1) Firstly, calculating the position of a station central point through a small-end control line and station elements (see station parameters);

2) calculating the starting point of the large-end equipment room area through the central point of the station and the elements (see the parameters of the station) of the station;

3) calculating station outer contour parameters (detailed station parameters) and plug-in area sizes according to the station parameters;

4) sequentially inspecting 3 station plug-in modes, arranging the room groups to plug-in areas one by one according to the room group priority extrusion sequence (after a room extrusion principle), arranging the rooms in the station according to the room arrangement process, adjusting the station column span according to the result of the rooms in the station, and correcting the length of the station until the large end wall of the station enters the control line range to serve as a recommended scheme A; continuously extruding the room, repeating the calculation, and taking out the scheme which is in the control line and has the shortest total station length as a recommended scheme B;

after one plug-in mode meets the requirement of a control line, the latter plug-in mode is not considered any more.

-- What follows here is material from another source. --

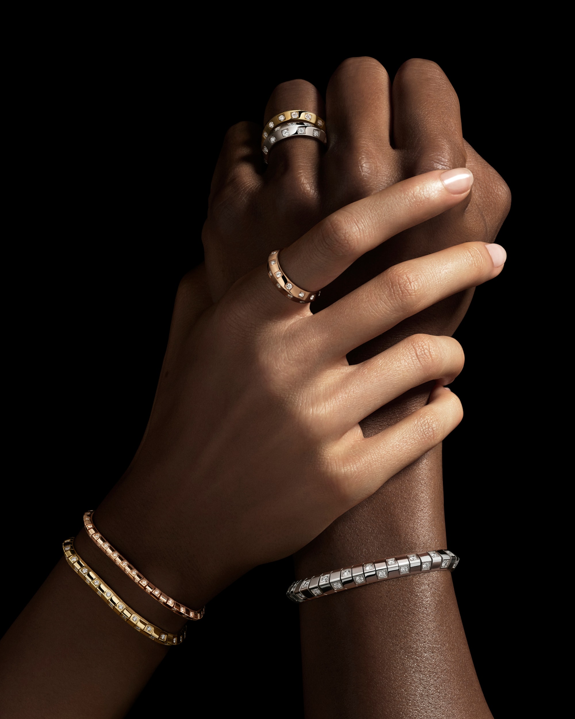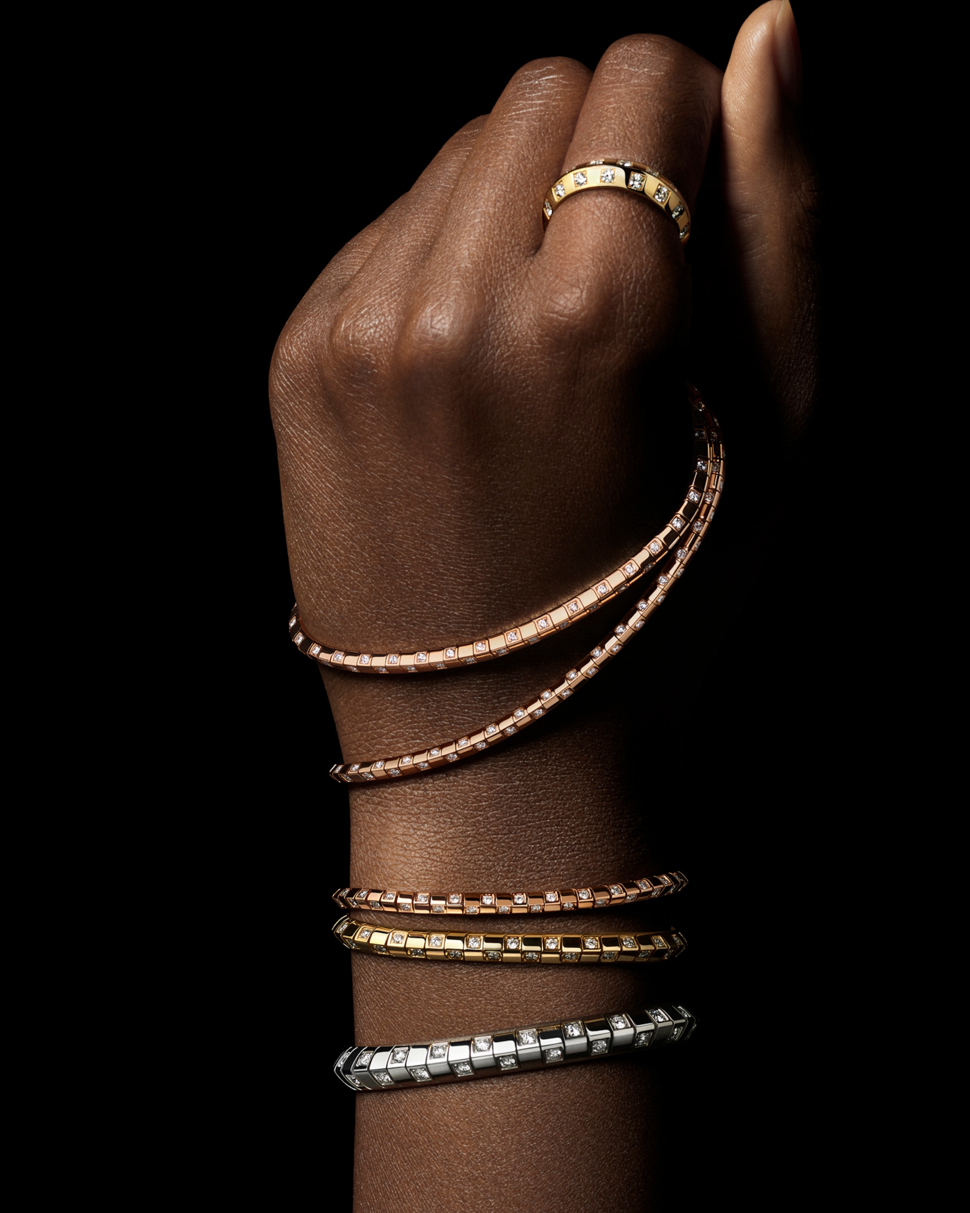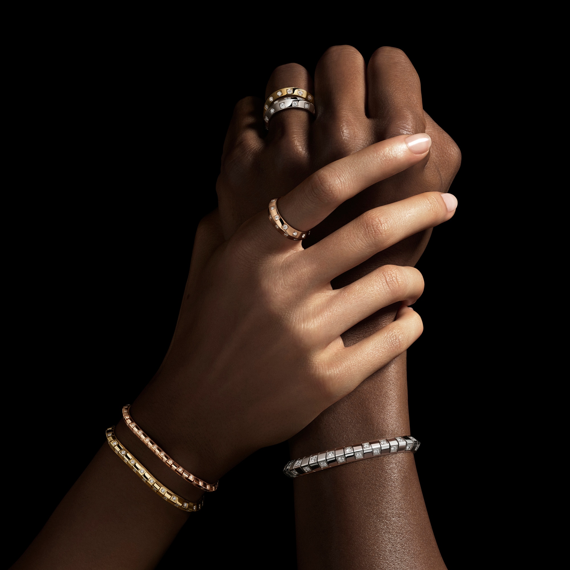 Exuding a pure dynamism, the unisex design is unveiled in three widths in white, yellow, or rose gold for limitless stacking, layering, and styling combinations.

4) Listing all possible scenarios within the scenario a and scenario B interval, the listing showing the contraction distance and the expected "spare room area" for all scenarios, after which the final scenario may be manually selected by the user;

5) if all plug-in modes cannot meet the requirements of the control line, prompting a user that the current control line control range cannot realize the comprehensive arrangement of the rooms for the station and the position of the control line is required to be adjusted;

6) the wall body of the external hanging part can not exceed the external hanging control line, and once the wall body exceeds the external hanging control line, a user is prompted to 'the current control line control range can not realize the comprehensive arrangement of the station rooms, and the position of the control line is required to be adjusted'.

The room extrusion principle is explained below.

Three attributes of 'external hanging room group', 'external hanging priority' and 'external hanging position' are arranged in the room table and are used for automatically generating room references extruded to the external hanging part when the external hanging station is generated. When designing the plug-in station, firstly considering the plug-in position, then considering the plug-in grade, and considering the moving-out calculation of the related rooms in sequence.

The 3 station external hanging modes are explained as follows.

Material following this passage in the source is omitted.